> _Records for processing_:
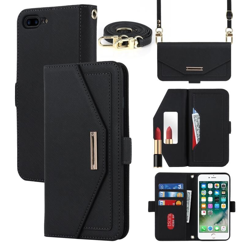 Θήκη τηλεφώνου από δέρμα με ανάγλυφη υφή για iPhone 8 Plus / 7 Plus (Μαύρο)
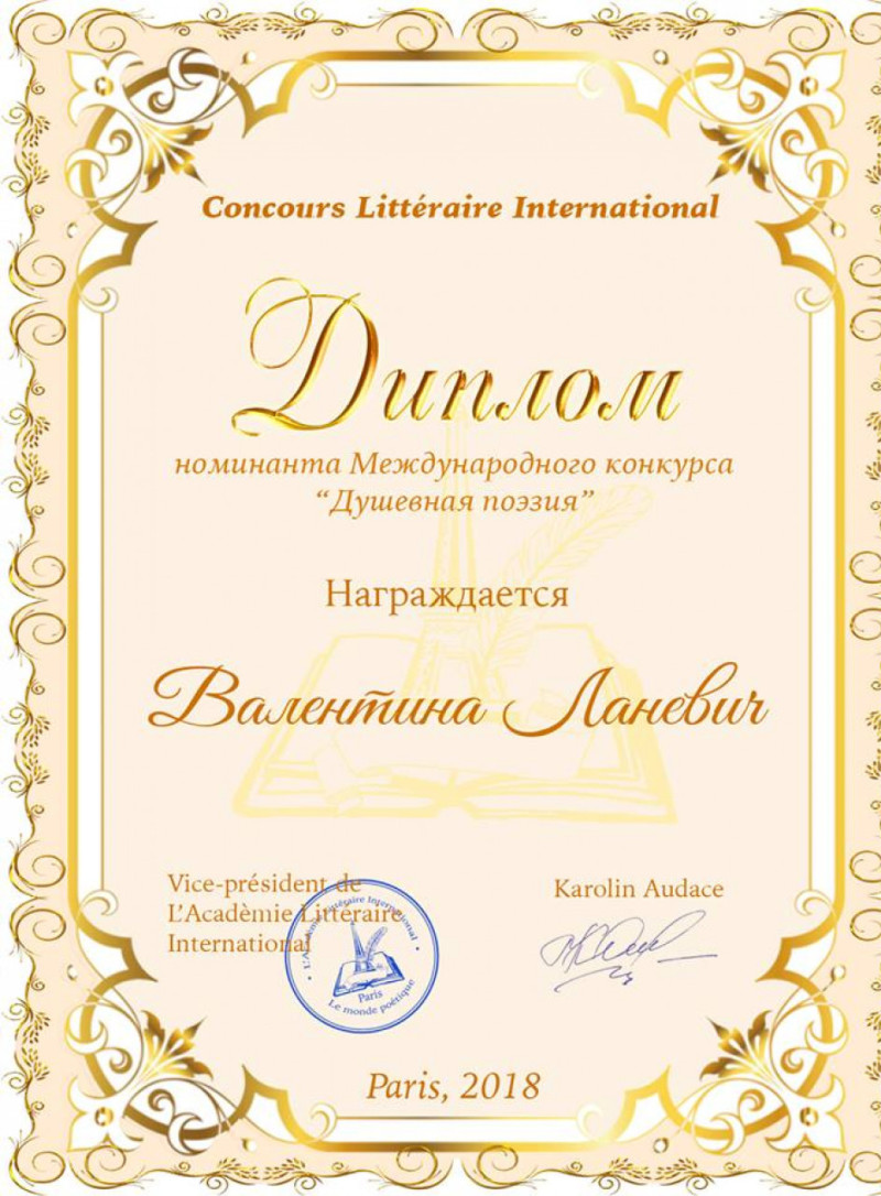 Любешівську поетесу Валентину Ланевич відзначили дипломом міжнародного літературного конкурсу в Парижі.
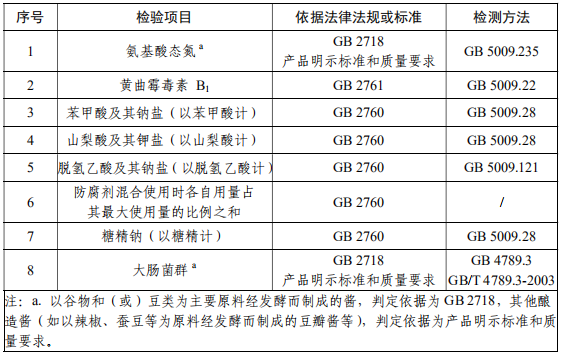 酱类抽检检验项目:
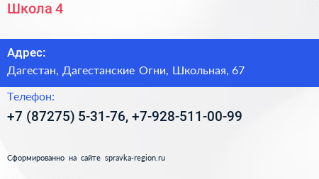 Школа №4 по адресу Дагестан, Дагестанские Огни, Школьная, 67 в дальнейшем Организация, размещена в следующих категориях:
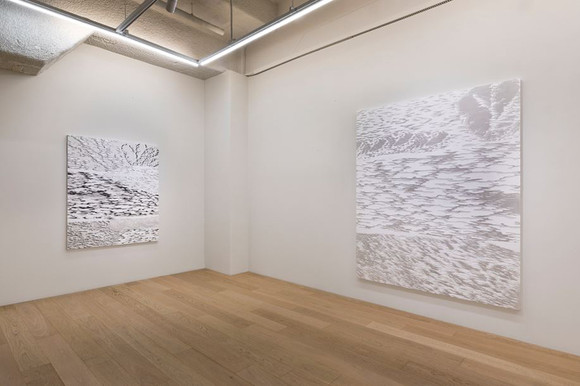신작에서 주로 사용되는 흑과 백은 박철호의 시각 언어를 구성하는 핵심적인 색채다. 이는 물결의 이미지를 직접적으로 환기했던 이전의 푸른 색조에서 벗어나, 해석의 여지를 확장해 보다 추상적인 장을 구축하려는 시도와 맞닿아 있다. ‘Overlap(중첩)’에서 흑과 백은 극적인 대비로 작동하기보다, 농담의 미세한 차이로 나타나며 결의 움직임과 흐름을 한층 선명하게 부각한다.
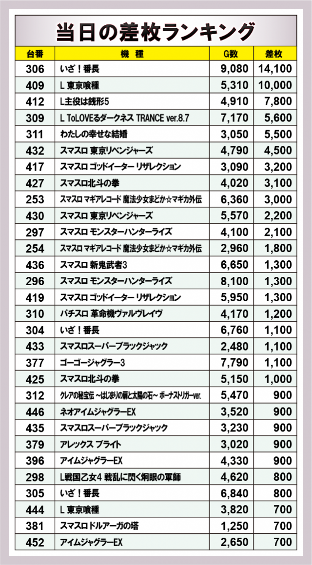 ※差枚数順に掲載しています
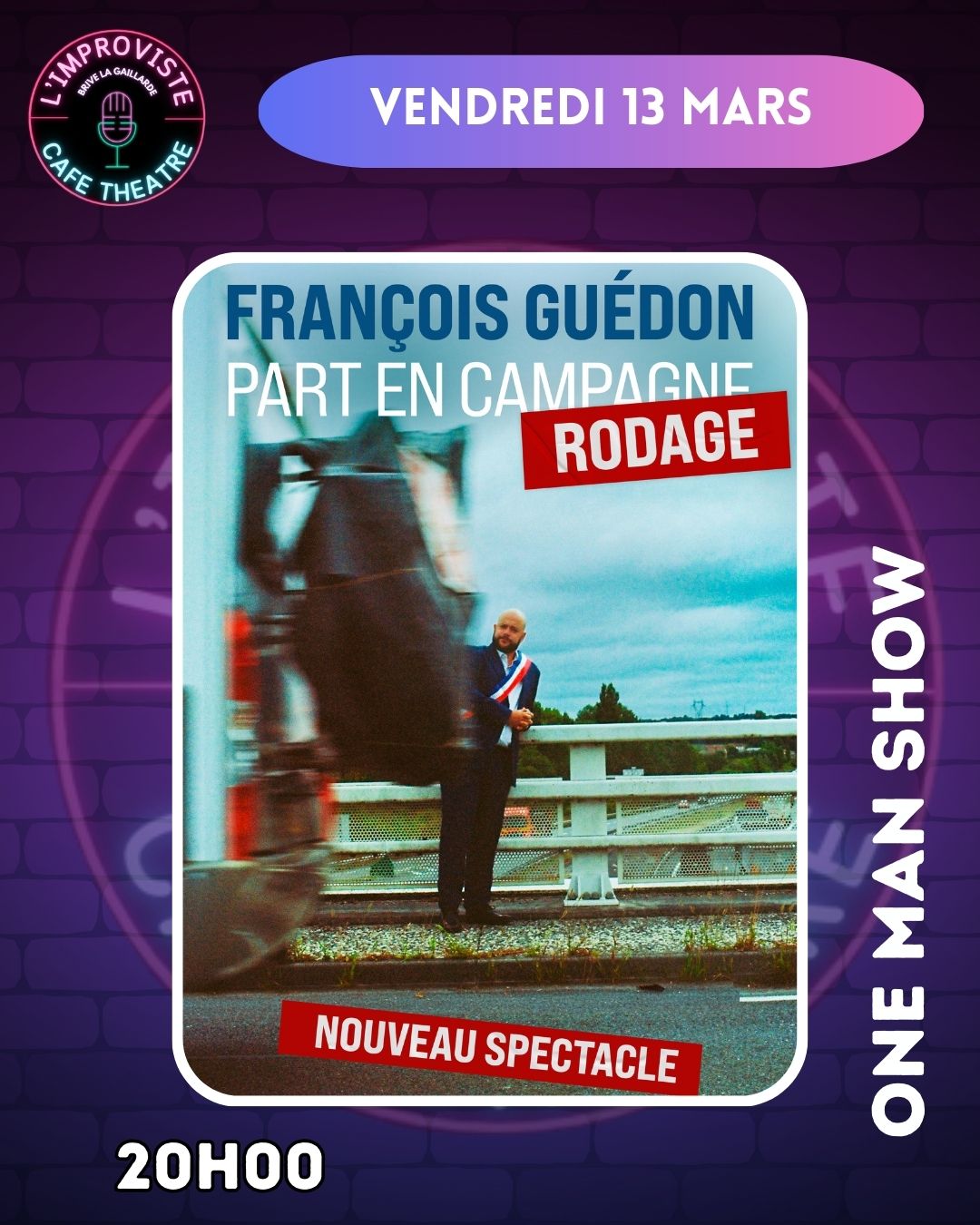 Après “Le Procès Guédon” qu’il a joué à Paris au Palais des Glaces mais aussi partout en France, en Belgique et même en Suisse au prestigieux festival de Montreux, François Guédon revient avec un nouveau spectacle :
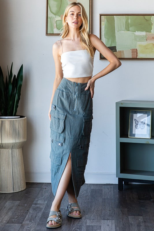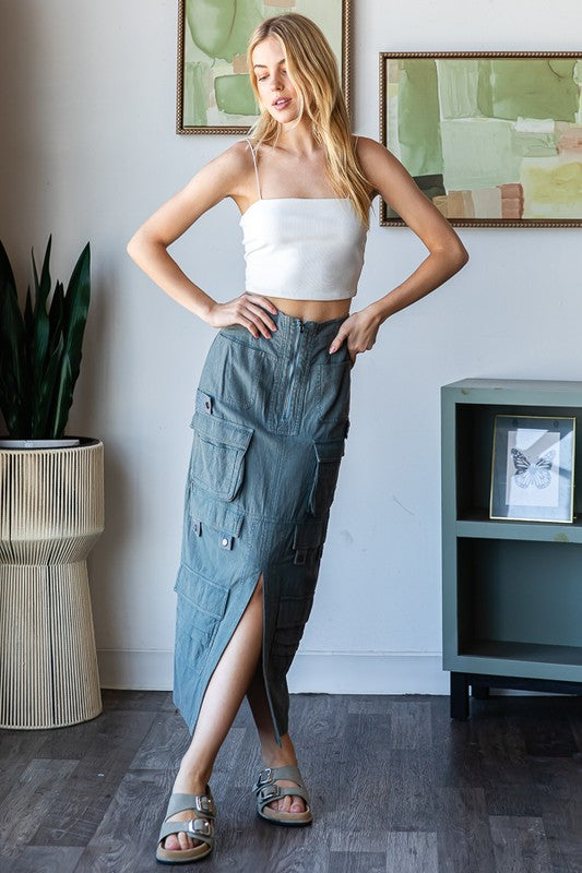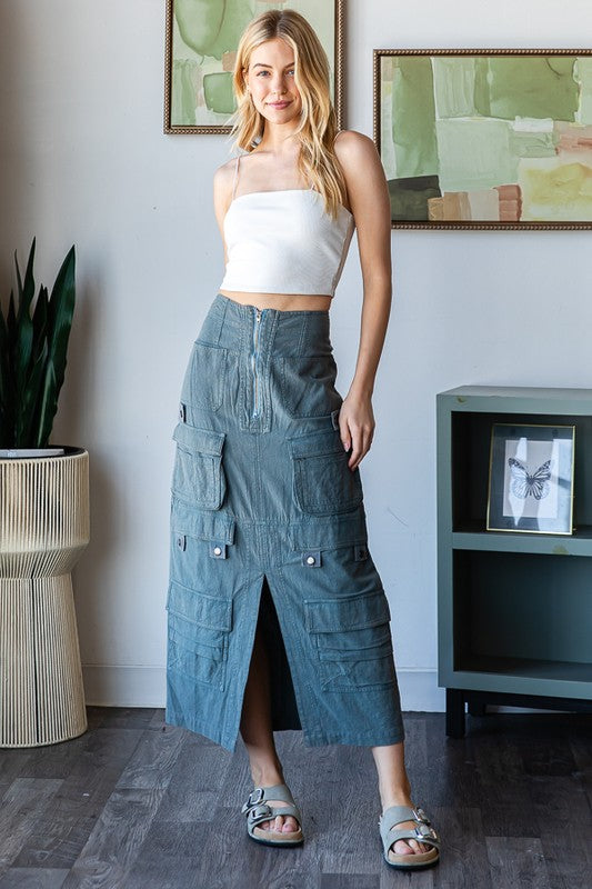 WASHED FRONT SLIT DETAIL CARGO SKIRT- MINERAL WASH DETAIL- RELAXED FIT- TRUE TO SIZE- OUR MODEL IS ALWAYS WEARING SIZE "S"
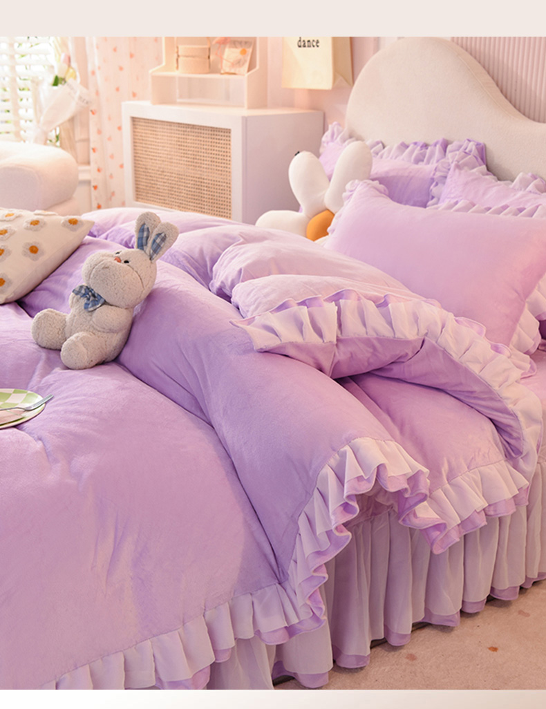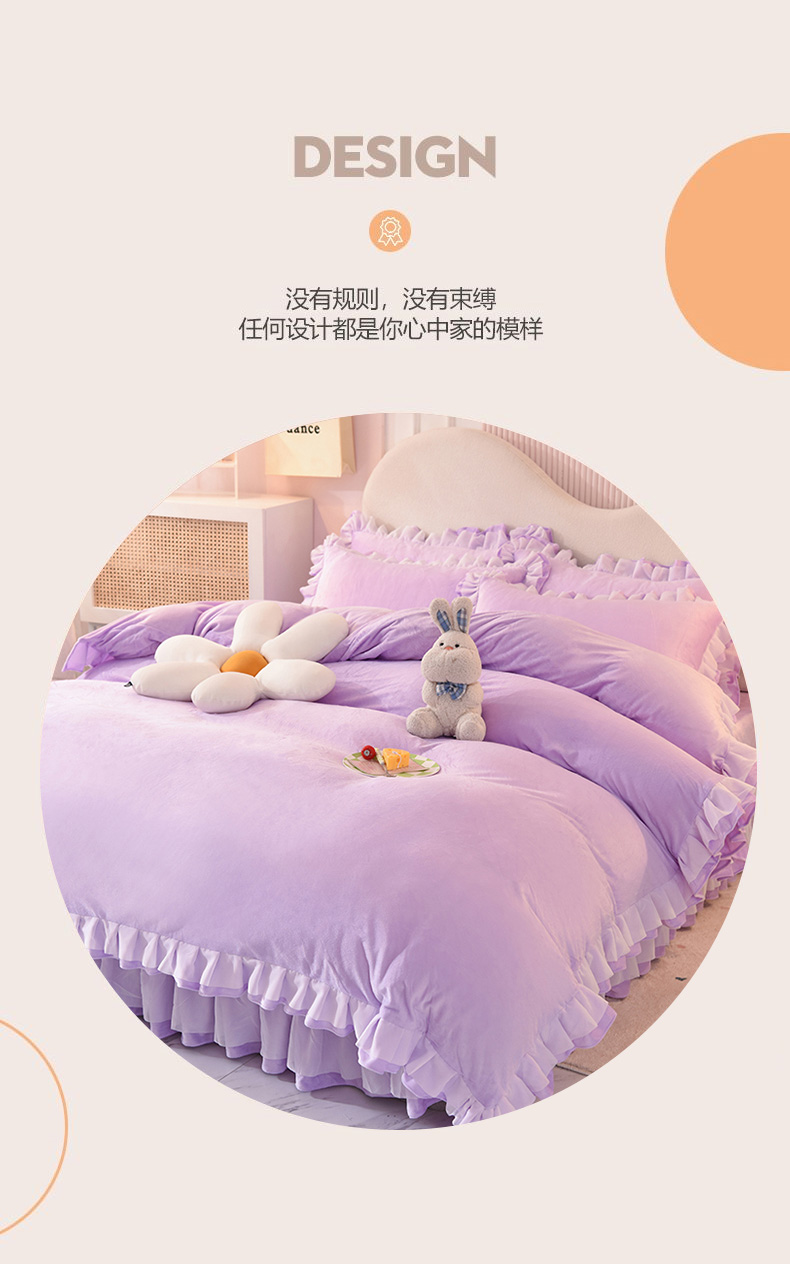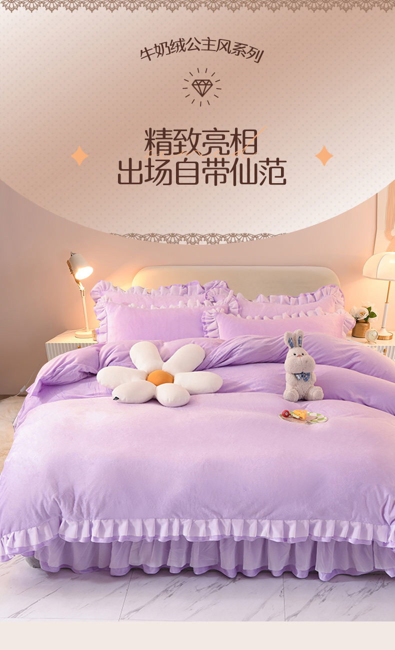 商品名称:后庭寝室 2025新款韩式花边牛奶绒四件套-香香公主系列 香香公主-浅紫
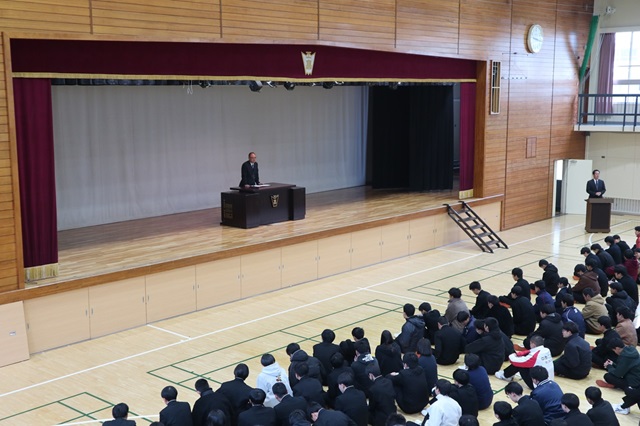 令和8年1月8日、本校で3学期始業式が行われました。学校長は「叱ってくれる人は大切」というテーマで訓話を行い、社会に出てから叱られることの意味を説きました。
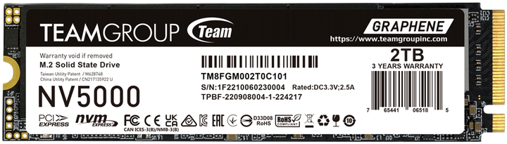 Ексклюзивна, запатентована TEAMGROUP графенова етикетка, що відводить тепло, ефективно знижує робочу температуру, забезпечуючи стабільну продуктивність SSD-диска. Сумісний з новітніми платформами Intel і AMD, SSD-диск NV5000 ідеально підходить як для настільних комп'ютерів, так і для ноутбуків.
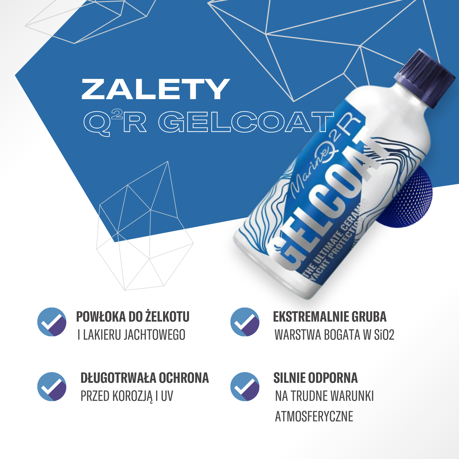 Q²R GelCoat to wyjątkowa powłoka ceramiczna zaprojektowana z myślą o środowisku morskim. Tworzy solidną, wysoce odporną warstwę ochronną, która skutecznie zabezpiecza żelkot i lakier przed promieniowaniem UV, utlenianiem i agresywnym działaniem słonej wody. Dzięki temu powierzchnie zachowują głęboki kolor, połysk i trwałość przez wiele miesięcy, nawet w ekstremalnych warunkach.
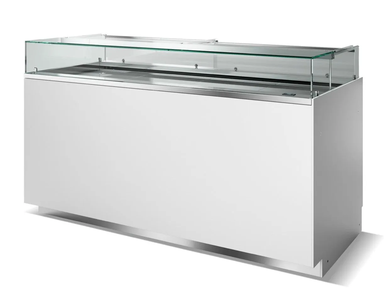 1500x819x1170 мм, 0,5 кВт, 220 В, 210 кг. Подсветка LED 5700 K,Условия работы 25 C / 60 %RH,Темпер. продукта +4/+8 C,Боковые и Фронт.панели Белый RAL 9003
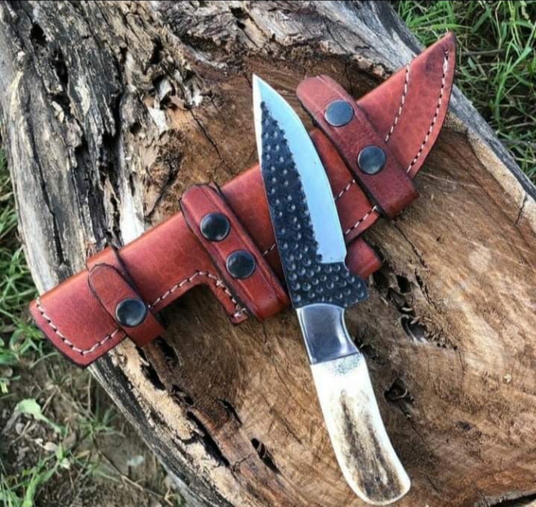 Custom handmade 1095 steel hunting knife overall length 8″inches handle made of stage Horn shrap edge and still long time comes with leather sheath..
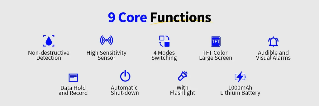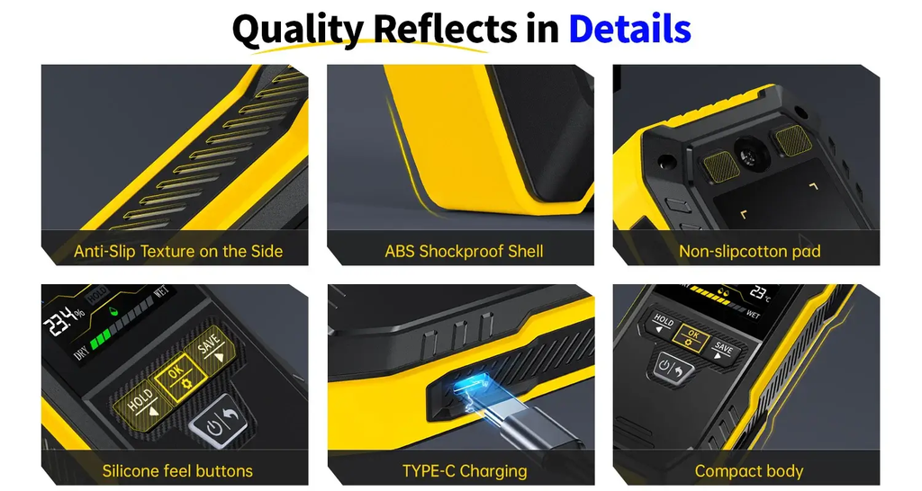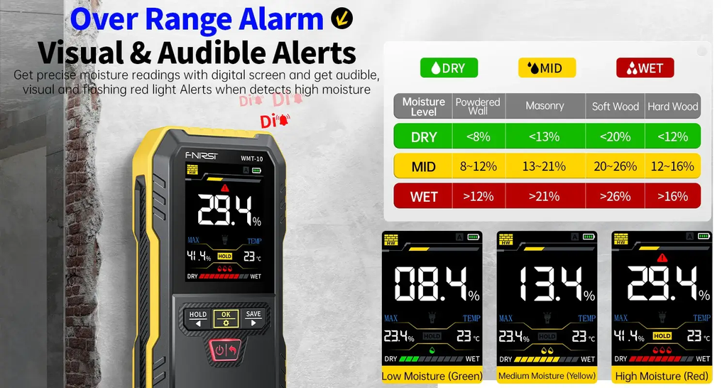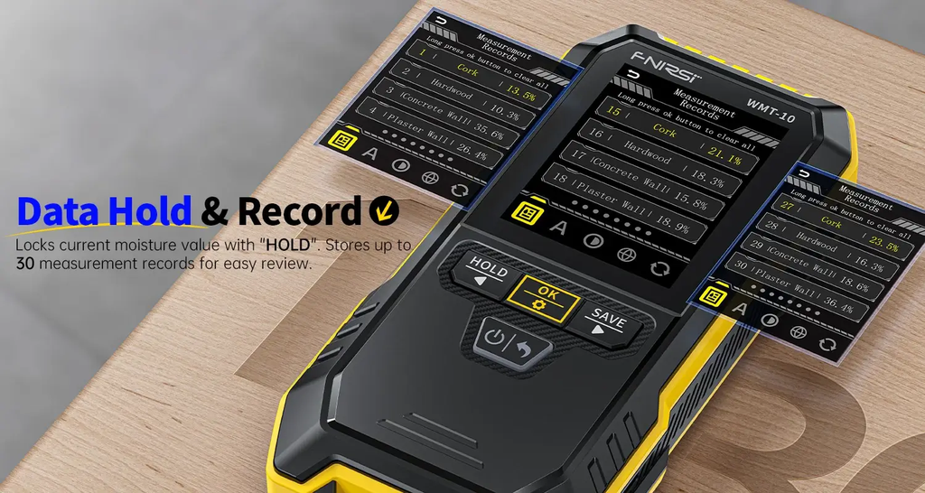 Máy đo độ ẩm gỗ FNIRSI® WMT-10 Non-Contact Inductive Wood & Wall Moisture Meter được trang bị màn hình màu độ nét cao 2.4 inch, được thiết kế đặc biệt để đáp ứng nhu cầu của ngành chế biến gỗ và người dùng gỗ. Thiết bị tiên tiến này đảm bảo đo chính xác độ ẩm trong gỗ, hỗ trợ 4 chế độ đo khác nhau: gỗ cứng, gỗ mềm, tường thạch cao và tường gạch.

> _What you should do_:
Given the entries above, transcribe exactly the lines from the one holding "商品名称:后庭寝室 2025新款韩式花边牛奶绒四件套-香香公主系列 香香公主-浅紫" through the one holding "令和8年1月8日、本校で3学"; pictures do not belong in the transcription.

> _Response below_:
 商品名称:后庭寝室 2025新款韩式花边牛奶绒四件套-香香公主系列 香香公主-浅紫
 令和8年1月8日、本校で3学期始業式が行われました。学校長は「叱ってくれる人は大切」というテーマで訓話を行い、社会に出てから叱られることの意味を説きました。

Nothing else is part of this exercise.